[[ Source material open ]]

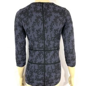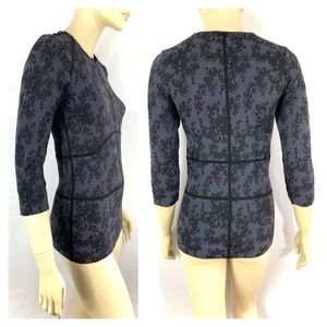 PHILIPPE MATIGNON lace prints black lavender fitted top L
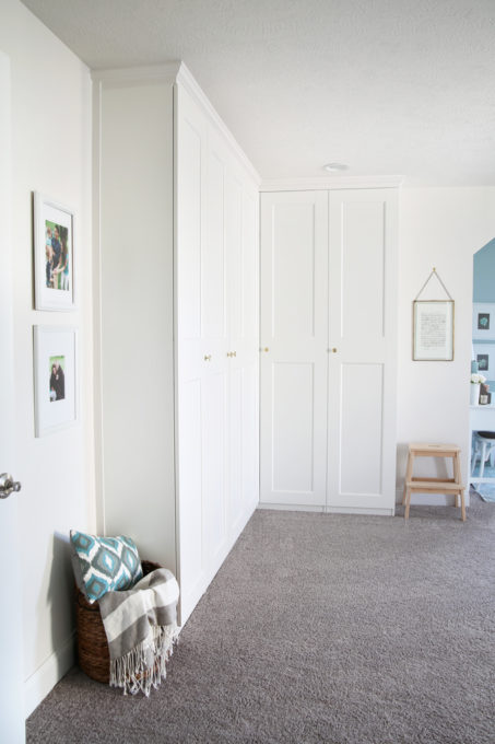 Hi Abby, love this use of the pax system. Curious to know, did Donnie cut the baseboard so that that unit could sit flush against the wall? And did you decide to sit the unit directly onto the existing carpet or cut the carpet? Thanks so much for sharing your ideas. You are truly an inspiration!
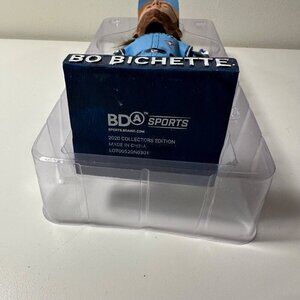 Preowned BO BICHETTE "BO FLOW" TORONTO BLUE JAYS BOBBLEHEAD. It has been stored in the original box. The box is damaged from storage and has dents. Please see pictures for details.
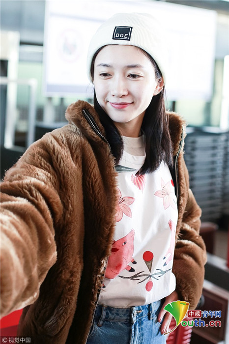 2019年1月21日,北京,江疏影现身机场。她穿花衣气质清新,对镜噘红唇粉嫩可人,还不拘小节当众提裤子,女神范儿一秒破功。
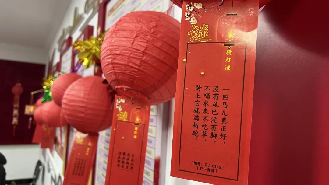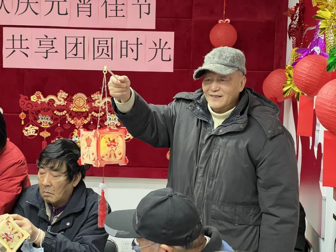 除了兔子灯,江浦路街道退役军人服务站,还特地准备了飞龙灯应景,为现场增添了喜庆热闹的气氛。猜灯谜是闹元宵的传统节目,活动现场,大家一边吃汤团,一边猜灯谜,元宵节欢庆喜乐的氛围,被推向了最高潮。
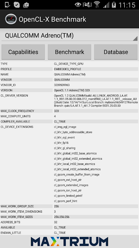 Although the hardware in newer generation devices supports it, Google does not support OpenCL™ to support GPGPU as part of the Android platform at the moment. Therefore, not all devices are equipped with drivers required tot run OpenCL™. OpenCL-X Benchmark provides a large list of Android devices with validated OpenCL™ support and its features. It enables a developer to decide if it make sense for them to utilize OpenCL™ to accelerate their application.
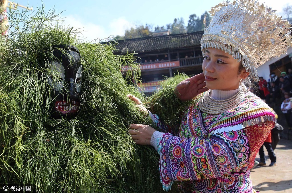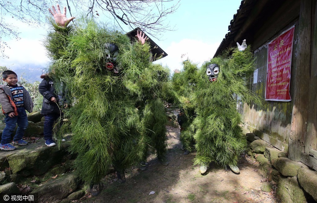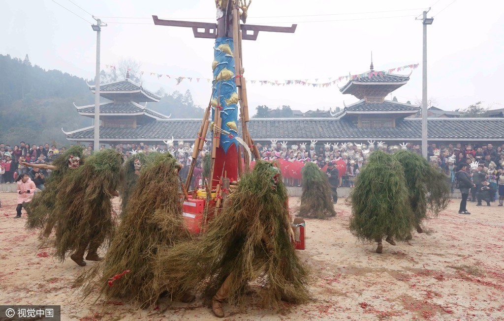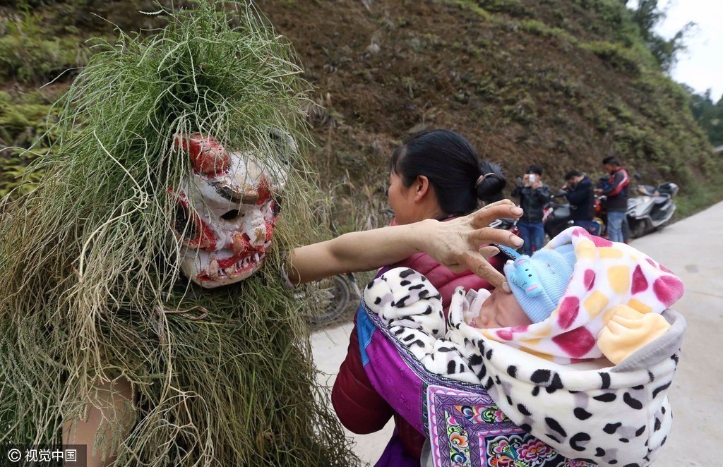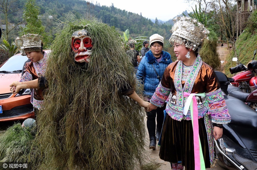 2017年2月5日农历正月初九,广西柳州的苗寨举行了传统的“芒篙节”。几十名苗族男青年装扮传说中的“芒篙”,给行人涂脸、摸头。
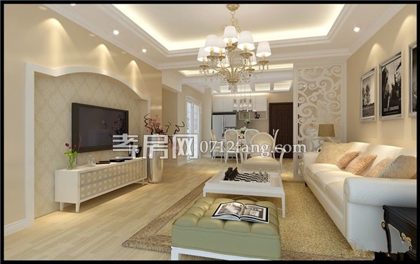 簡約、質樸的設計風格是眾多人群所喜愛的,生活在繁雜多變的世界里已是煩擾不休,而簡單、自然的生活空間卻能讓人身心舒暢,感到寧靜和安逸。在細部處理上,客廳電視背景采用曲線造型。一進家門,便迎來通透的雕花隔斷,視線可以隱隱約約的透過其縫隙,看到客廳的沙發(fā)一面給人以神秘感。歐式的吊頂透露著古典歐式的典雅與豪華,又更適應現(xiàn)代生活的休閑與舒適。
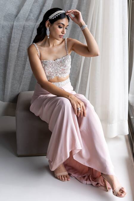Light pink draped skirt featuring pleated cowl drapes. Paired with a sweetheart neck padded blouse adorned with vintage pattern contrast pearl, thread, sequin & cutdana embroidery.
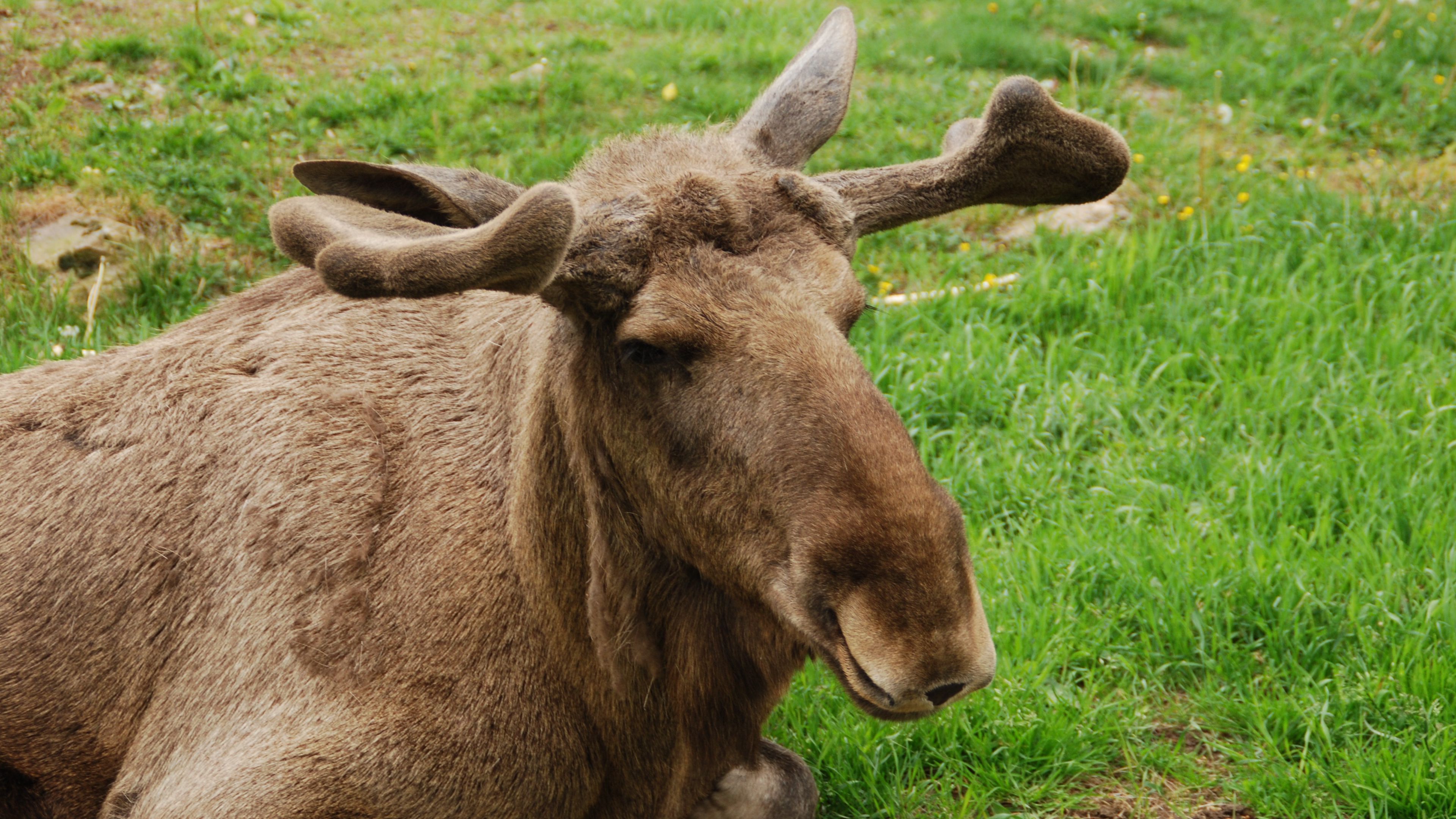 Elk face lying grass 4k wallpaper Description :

[[ Source material closed ]]

Work to complete: Repeat verbatim the lines between the start of the data and the line containing "除了兔子灯,江浦路街道退役军", both ends included, omitting all pictures.

Written answer:
 PHILIPPE MATIGNON lace prints black lavender fitted top L
 Hi Abby, love this use of the pax system. Curious to know, did Donnie cut the baseboard so that that unit could sit flush against the wall? And did you decide to sit the unit directly onto the existing carpet or cut the carpet? Thanks so much for sharing your ideas. You are truly an inspiration!
 Preowned BO BICHETTE "BO FLOW" TORONTO BLUE JAYS BOBBLEHEAD. It has been stored in the original box. The box is damaged from storage and has dents. Please see pictures for details.
 2019年1月21日,北京,江疏影现身机场。她穿花衣气质清新,对镜噘红唇粉嫩可人,还不拘小节当众提裤子,女神范儿一秒破功。
 除了兔子灯,江浦路街道退役军人服务站,还特地准备了飞龙灯应景,为现场增添了喜庆热闹的气氛。猜灯谜是闹元宵的传统节目,活动现场,大家一边吃汤团,一边猜灯谜,元宵节欢庆喜乐的氛围,被推向了最高潮。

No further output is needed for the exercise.